A Propriedade Privada segundo Luís de Molina
[Traduzido do espanhol como En torno a unos textos de Luis de Molina sobre la propiedad privada, Revista española de teologia, 1977, 163-66].
Introdução
Entre os temas estudados pela escolástica do século XVI, um dos que despertou maior interesse entre teólogos, juristas, políticos e economistas foi, sem dúvida, o da propriedade privada como alternativa à propriedade comum dos bens, na organização social da convivência.[1] Nos dias de hoje, e embora com nuances diferentes das do século XVI, a organização da propriedade continua sendo um desses problemas que a sociedade levanta periodicamente e que não pode faltar em nenhum programa de reforma social que pretenda ser minimamente sério. Quero, nesta breve nota, comentar alguns textos de Luis de Molina nos quais a instituição social da propriedade é estudada desde uma perspectiva e com um sentido pragmático que não costuma ser frequente nos estudos tradicionais que abordam a doutrina escolástica.

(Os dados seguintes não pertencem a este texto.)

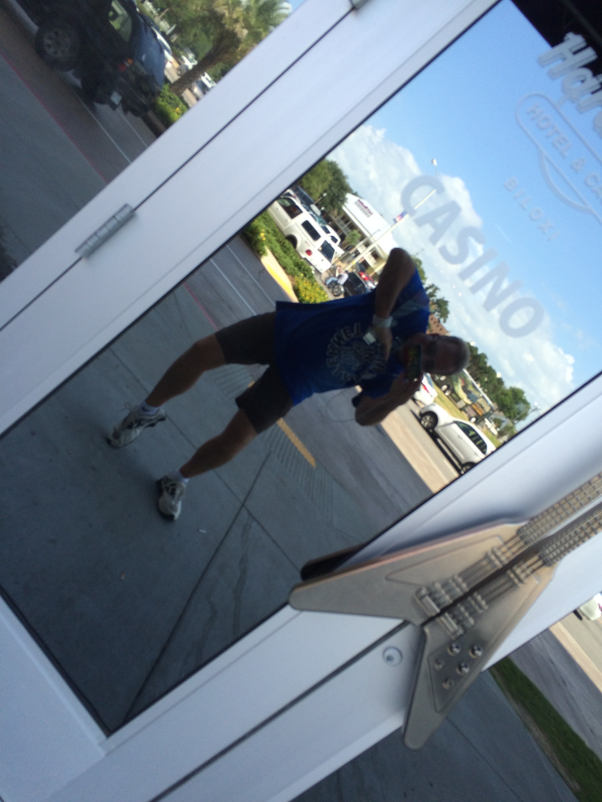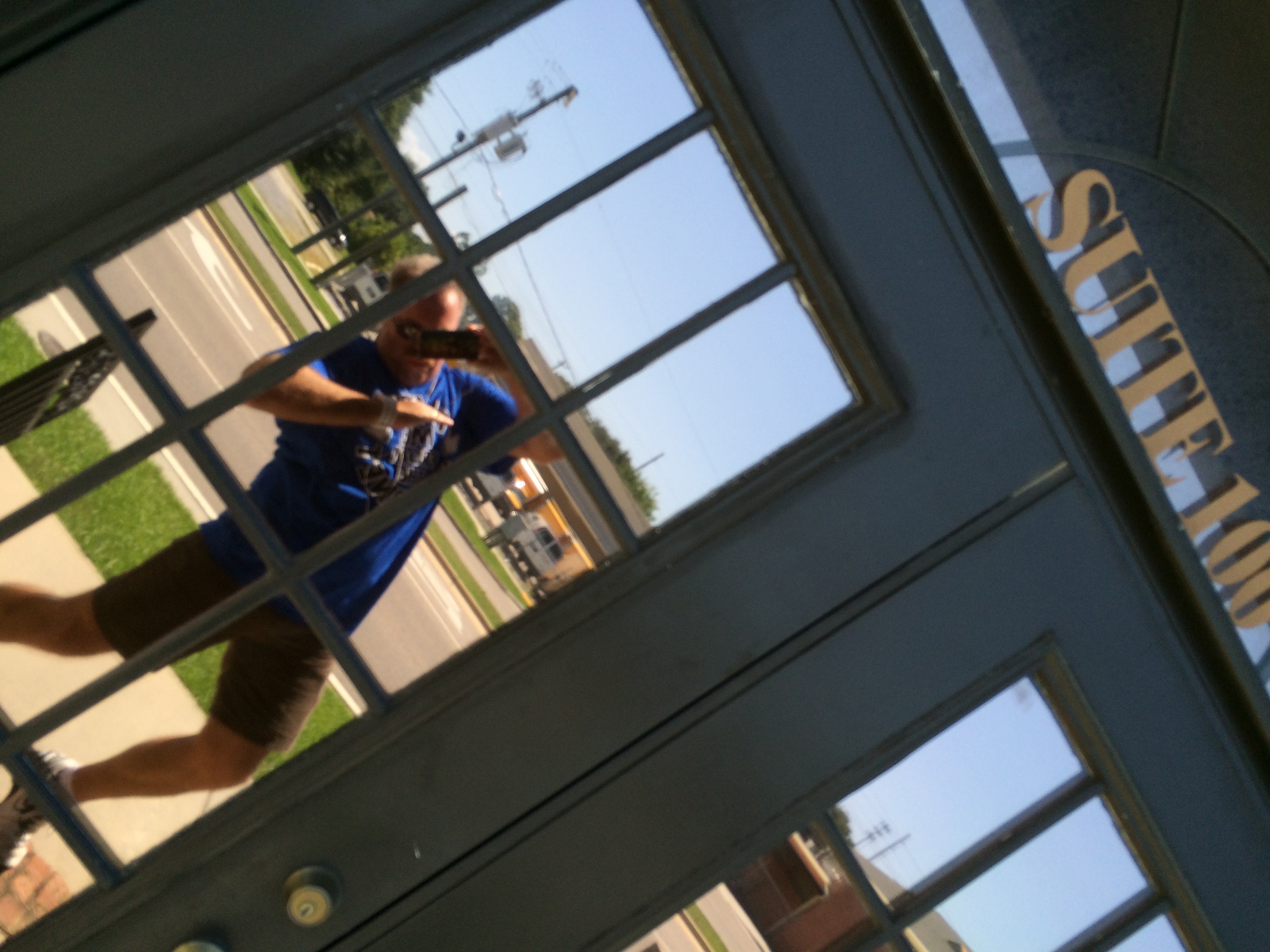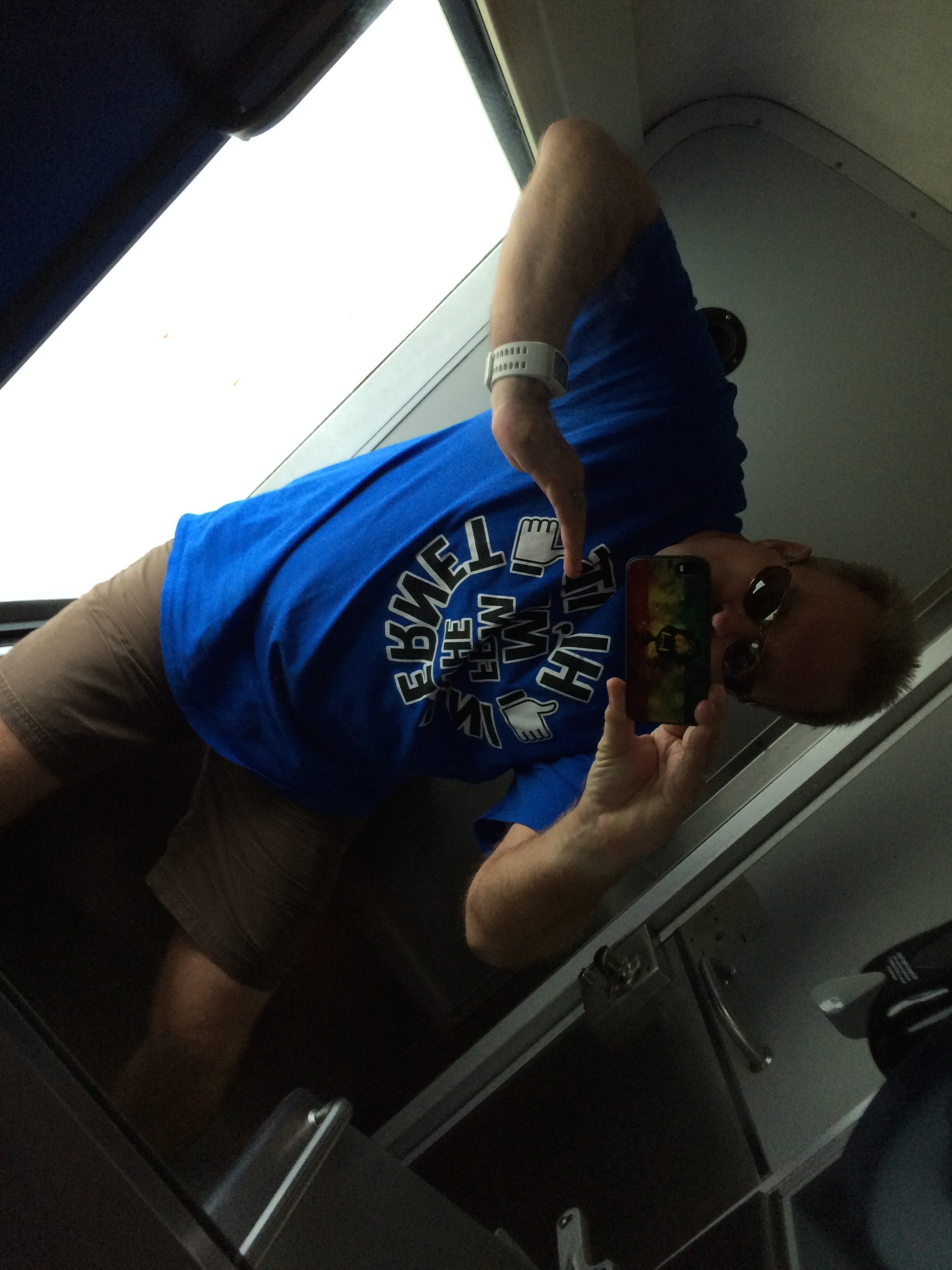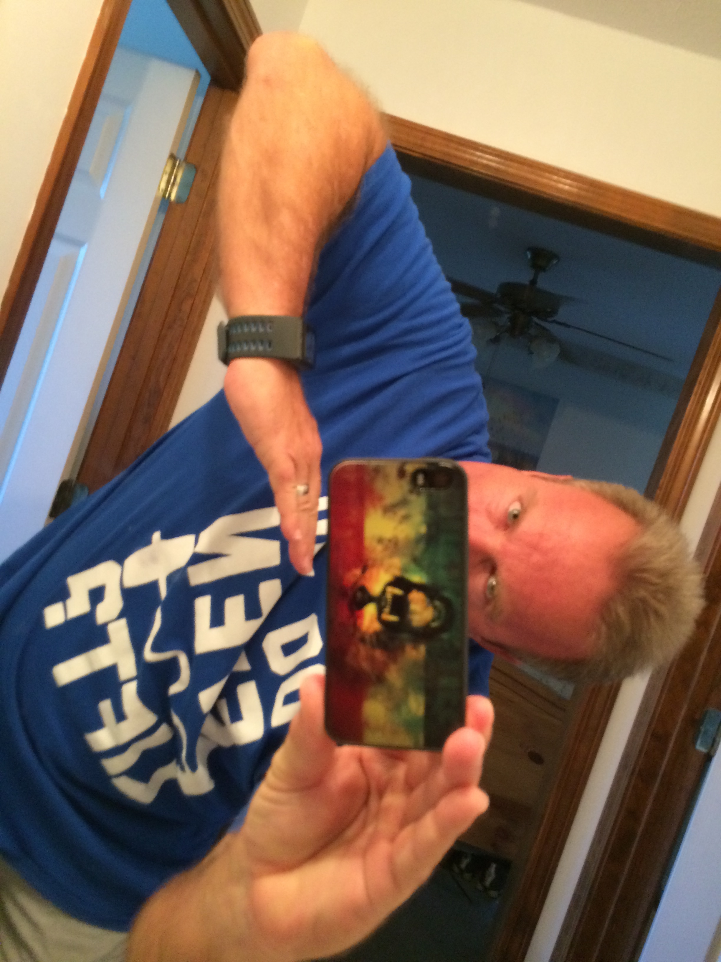 reading the logo on my shirt up close..

Até agora, e pelo que conheço, aqueles que se interessaram pelo pensamento escolástico em relação à propriedade privada o fizeram a partir de uma ótica que, necessariamente, implicava certa unidimensionalidade. Estava-se interessado em saber se, para os doutores escolásticos, a propriedade privada era um direito natural ou, pelo contrário, pertencia apenas ao direito das gentes.[2] Essa forma de abordar o problema obrigava, por exigências óbvias da metodologia empregada, a prescindir de aspectos do problema que, completando os anteriores, e para mentalidades menos habituadas ao raciocínio jusnaturalista, poderiam ser de grande interesse. Ao mudar o enfoque tradicional dentre essa classe de comentários, pretendo sublinhar esses outros aspectos que geralmente costumam ficar em segundo plano.
Problema Econômico frente ao problema jurídico
No texto que se segue, não me ocuparei, ao menos diretamente, do problema jurídico da propriedade, mas sim do problema econômico. Isso significa que, deixando de lado a instituição jurídica da propriedade, centrarei minha atenção no fato econômico da divisão dos bens. Para que exista o “teu” e o “meu” é necessário que os bens sejam divididos, e é precisamente essa divisão dos bens que o direito de propriedade pretende tutelar. A divisão dos bens é o fato material sobre o qual se projeta, tomando corpo nele, a instituição jurídica do direito de propriedade. Distinguindo esse direito do fato material que ampara, será este último que ocupará nossa atenção.
Naturalmente, trata-se de uma escolha cuja justificativa se explica por motivos puramente expositivos e de divisão do trabalho, não por razões objetivas que pudessem supor menor apreço pela dimensão jurídica do problema.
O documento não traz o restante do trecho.